Salmon can journey hundreds, even thousands of miles to return to their source. They can leap waterfalls that are two miles high. This is absurd. Preposterous. Impossible. Except that it isn’t. These fish are driven by an internal motivator and guided by an inner compass. They know when they must go, and go they do.
The journey to the Self is a lot like the salmon’s upstream odyssey to spawn. You have to travel great distances, face tremendous resistance, have enormous endurance. You’re heading back to your source, to the place that will foster new life. Sometimes you’re not sure if you’ll survive the journey. Sometimes it gets to be just too much: too much work, too much pain. But something inside urges you on to the place where life begins anew. You’re headed home.
Usually, people begin the journey home when Big Things happen: when loss or illness hits and they start to question everything. Or sometimes a lingering depression or vague anxiety keeps poking them until they finally have enough, finally plop down and say, “What the hell?” Mid-life is a most provocative Big Thing; it’s the cosmic pop quiz for which you are woefully unprepared. Who are you? What’s the meaning of your life? What do you want? Are you happy? Why or why not? Explain. Leaving those questions blank will not garner good things.
Only the most courageous take up the effort to discover who they are, why they’re here and what it’s all about. Indeed, so many things make knowing and being our real selves an upstream battle. Childhood traumas and parental expectations can set up patterns and beliefs around the need to please, to be quiet, to be a man, to achieve … in short, to be someone you’re not. Our culture, the waters in which we swim, eschews “knowing thyself,” lauding the superficial pursuits of money, power, fame, consumption, and coolness. Our own internal fears of being judged, ridiculed, disliked, abandoned, or rejected can strand us, leaving us flopping on the shores of pretense.
But for those who persevere, magic awaits. There’s a reason salmon swim upstream—a very good reason. That special spot is where new life begins. It’s the place you discover your roots, your purpose and your essence. If you don’t make this trek, you are in danger of living what poet David Whyte calls, “…a life that anyone could live, or living someone else’s life that you’ve mistaken as your own.” Your true self, your god-self, will not come alive or bless this world with it’s uniqueness unless you make this journey and bring forth your true Self. As the Gospel of Thomas says, “If you bring forth what is within you, what you bring forth will save you.”

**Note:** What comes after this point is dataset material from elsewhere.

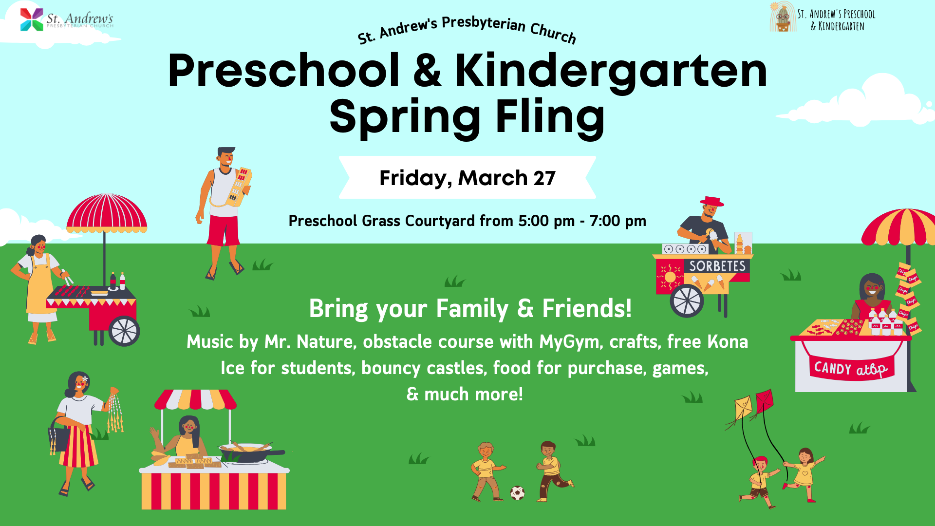 Please save the date for our Preschool and Kindergarten Spring Fling on March 27 from 5pm-7pm in the Preschool Grassy Courtyard! There will be music by Mr. Nature, an obstacle course with MyGym, crafts, free Kona ice for students, bouncy castles, food for purchase, games, & much more! This event is open to our school community and the public!

Swimming upstream, facing into our pain and suffering and resisting the inertia of living a common, outer-directed life, is how we reconnect with the voice of our soul. Our soul is our utterly unique and authentic essence. It is our inner compass and motivator. It contains our purpose and connects us with the Divine, the All-That-Is. What greater gift, what greater satisfaction, than to know your purpose and to live from that place, free from pretense and the pressures of external expectation?
I will admit, it’s been a long, 20+ year swim upstream for this salmon. I’ve tried to be a lot of things that I am not. I’ve attempted to fit prescribed molds in order to feel good and valid and successful. I’ve been slowed and lost in the shallow eddies of grief and depression, loneliness, inertia and fear. But despite the suffering and the exhaustion, it is hugely gratifying to find familiar, forgotten waters and to know who I am. At least, more days than not.
As you welcome the new year, let your resolution be this: to dare to swim against the tides of conformity to find your source, the place your soul dwells, and to know thyself.